Lastly, thanks for writing this calculator!

#FREE42 TRIG FUNCTIONS DISAPPEARED CODE#

i can give you some c code for ridders if you like, but i just cribbed it from numerical algorithms in C. it was part an attempt to recreate the missing solve and integ features on the hp9gĪlso, i had a substantial improvement for solve by moving from the secant method to ridder’s method as described there. this code i developed by trying to reverse engineer the method used on the 15c and it performs about the same, I see you need a ln1(x) = ln(x+1), here’s one i wrote for scicalc,Īlso, i can suggest a better integ algorithm. I have an alternative implementation of the gamma function you might like, i did the same in my implementation of scicalc but more and more recently i am going away from binary back to bcd.

i can well understand your use of ieee754 not least from a performance point of view. firstly, your wrestle with bcd vs binary is something ive been struggling with for some time.

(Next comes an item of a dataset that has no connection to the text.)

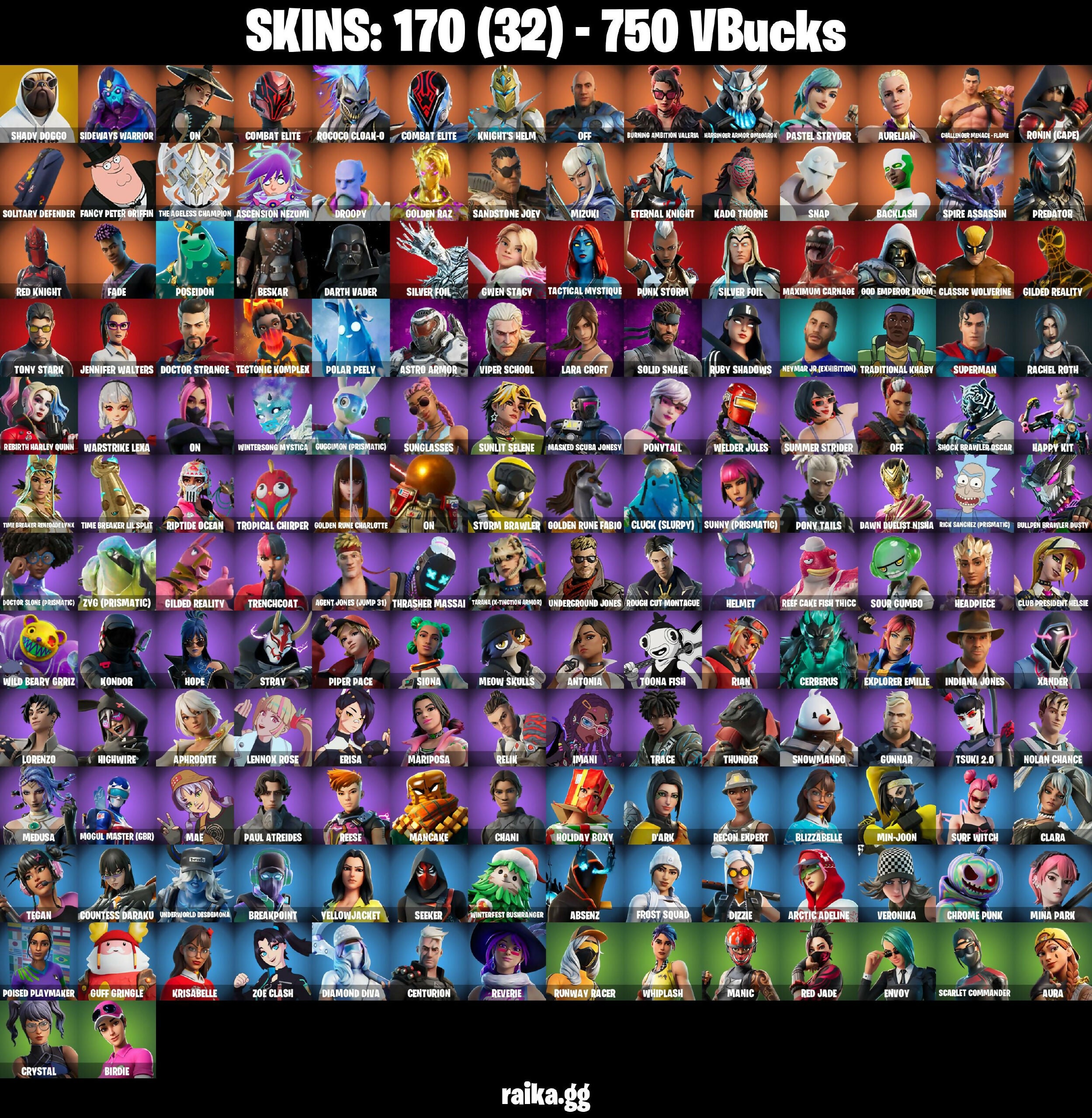 [PC/PSN/XB] 170 Stacked skins | Shady Doggo | Reaper | Laugh it up| Candy Axe | Lara Croft | Recon Expert | Yellow jacket | Kor| 750 VB

I have a few ideas that might help it to become even better. i like the palm version, it works well, although the beep is a bit loud. Whether or not you would like it would probably mostly depend on whether you can forgive its long list of bugs (which include failing to calculate trigonometric functions accurately for angles close to multiples of 90 degrees), which HP never seems to have bothered to fix.This is really cool indeed. HP's line of high-end scientifics ended with the HP-42S. In context this makes the HP-35S a mid-range scientific calculator. It is named after the original HP-35 but by lineage it's a replacement for the HP-33S and descends from the HP-32S and HP-32SII models from the late 1980s and 1990s.

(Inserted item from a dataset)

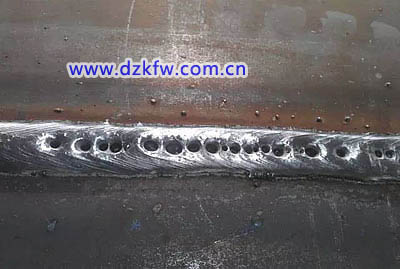 在焊缝中出现的单个、条状或群体气孔,是焊缝内部最常见的缺陷。
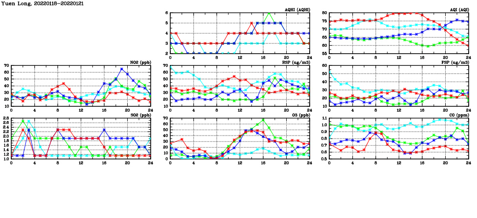 | Air Quality Data Time Series in Yuen Long (2022/01/21) | ( Line colors: Day -3 Day -2 Day -1 Current day ) | 2D Map Current AQHI |

#FREE42 TRIG FUNCTIONS DISAPPEARED PROFESSIONAL#

It has been in continual production since then, presumably because it's one of only a few scientific calculators allowed in some professional engineering exams in the US.

HP introduced it in 2007 to commemorate the 35th anniversary of their first pocket scientific calculator, the HP-35. I bought one of these that I saw in a shop about a decade ago. The guts are modern but the UI is the same classic design. They made a retro tribute to one of the HP calculators a few years ago.